→ Work to complete
Exclude the pictures. Transcribe exactly, and only, the lines from the one holding "Fig. 110 Timeseries" to the end of the material below.

→ Data provided
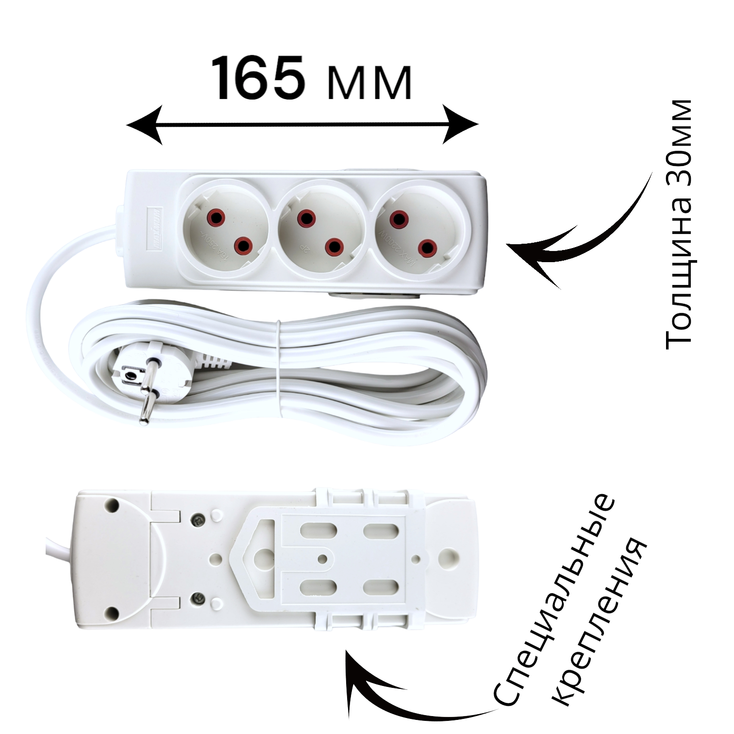 Модель с тремя точками подключения подходит для любого внутреннего помещения и позволяет одновременно подсоединять сразу несколько электрических устройств.
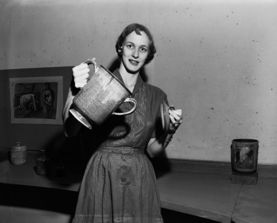 Mrs. L. R. Klein Jr., Fort Worth Art Association secretary, is shown with a pottery jar from the exhibition of Pond Farm Workshop crafts, which opened in the association gallery at the Public Library. Published in the Fort Worth Star - Telegram morning edition, October 10, 1950.
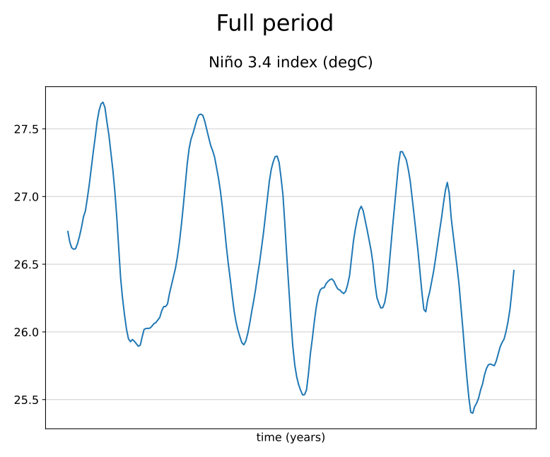 Fig. 110 Timeseries of Niño 3.4 index, computed directly with the preprocessor.#
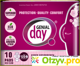Пользуюсь женскими прокладками бренда Genial Day уже на протяжении нескольких месяцев, так что могу оставить вполне объективный отзыв о качестве и комфортности использования изделия. Во-первых, производитель гарантирует впитываемость в 4 раза большую в сравнении с обычными вариантами, так что получается прилично экономить по деньгам. Во-вторых, с ними ни разу раздражений не было, хотя кожа чувствительная.

→ Answer below
 Fig. 110 Timeseries of Niño 3.4 index, computed directly with the preprocessor.#
Пользуюсь женскими прокладками бренда Genial Day уже на протяжении нескольких месяцев, так что могу оставить вполне объективный отзыв о качестве и комфортности использования изделия. Во-первых, производитель гарантирует впитываемость в 4 раза большую в сравнении с обычными вариантами, так что получается прилично экономить по деньгам. Во-вторых, с ними ни разу раздражений не было, хотя кожа чувствительная.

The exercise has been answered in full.